Basking Ridge, NJ and Morristown, NJ (November 3, 2017) – Daiichi Sankyo, Inc. and Inspirion Delivery Sciences LLC (Inspirion) announced today that MorphaBond™ ER (morphine sulfate) extended-release tablets, CII is now available throughout the United States. MorphaBond ER is an abuse-deterrent opioid agonist indicated for the management of pain severe enough to require daily, around-the-clock, long-term opioid treatment and for which alternative treatment options are inadequate. However, abuse by intranasal, intravenous, and oral routes is still possible. MorphaBond ER is available in four dosage strengths: 15, 30, 60 and 100 mg.

“Daiichi Sankyo is deeply committed to responsibly bringing medicines to patients in pain and to being a part of the solution to the abuse of controlled substances,” said Ken Keller, President, Administrative and Commercial, Daiichi Sankyo, Inc. “We are pleased to provide a treatment option that allows healthcare professionals to manage their patients’ chronic pain in a form that is expected to reduce the potential for intranasal and intravenous abuse.”

MorphaBond ER is the only single-agent, extended-release morphine that is approved by the U.S. Food and Drug Administration with labeling that describes its potential to deter abuse by both intranasal and intravenous administration. However, abuse by intranasal, intravenous and oral routes is still possible. MorphaBond ER is formulated with SentryBond™, a patent-protected technology that uses multiple overlapping abuse-deterrent barriers designed with the intent to make the tablet more difficult to adulterate for misuse and abuse while retaining its extended-release properties even if manipulated.

“Abuse-deterrent opioid formulations are an important part of a comprehensive approach to addressing the opioid crisis,” said Inspirion's CEO, Stefan Aigner, MD, CFA. “We’re pleased to see our licensing partners at Daiichi Sankyo, a company with a strong commitment to responsible marketing of prescription medications, bring MorphaBond ER to market.”

Daiichi Sankyo will lead the commercialization of MorphaBond ER in collaboration with Inspirion as part of a previously-announced License Agreement.

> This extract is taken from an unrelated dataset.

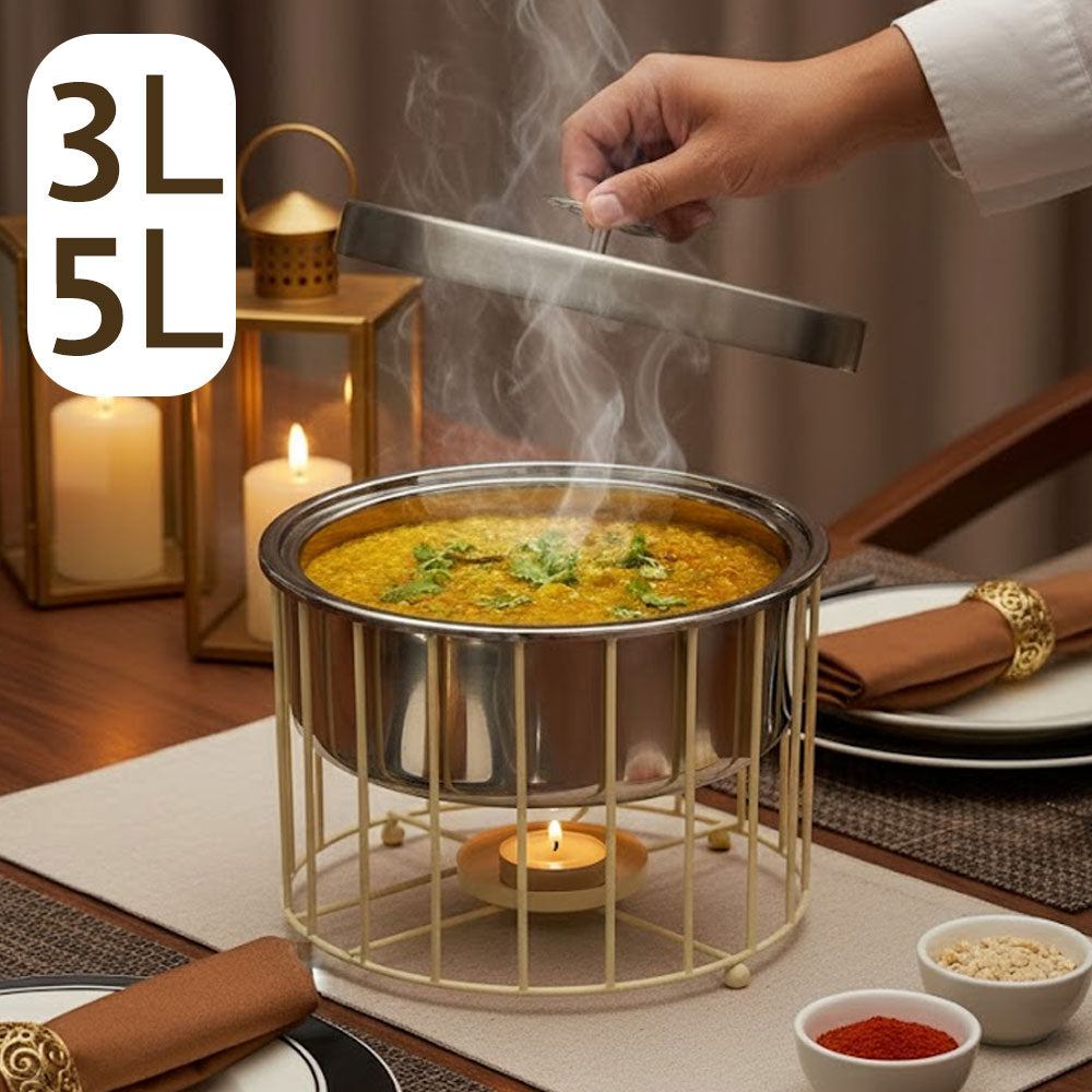 سخان طعام فاخر بتصميم عصري يجمع بين الأناقة والعملية. مصنوع من الستانلس ستيل عالي الجودة المقاوم للصدأ من ديفا ليدي ، مع قاعدة معدنية متينة تمنح ثباتًا وأناقة على طاولة الطعام.

Because of the risks of addiction, abuse, and misuse with opioids, even at recommended doses, and because of the greater risks of overdose and death with extended-release opioid formulations, physicians should reserve MorphaBond ER for use in patients for whom alternative treatment options (e.g., non-opioid analgesics or immediate-release opioids) are ineffective, not tolerated, or would be otherwise inadequate to provide sufficient management of pain. MorphaBond ER is not indicated as an as-needed (prn) analgesic.

MorphaBond ER should be prescribed only by healthcare professionals who are knowledgeable in the use of opioids for the management of chronic pain.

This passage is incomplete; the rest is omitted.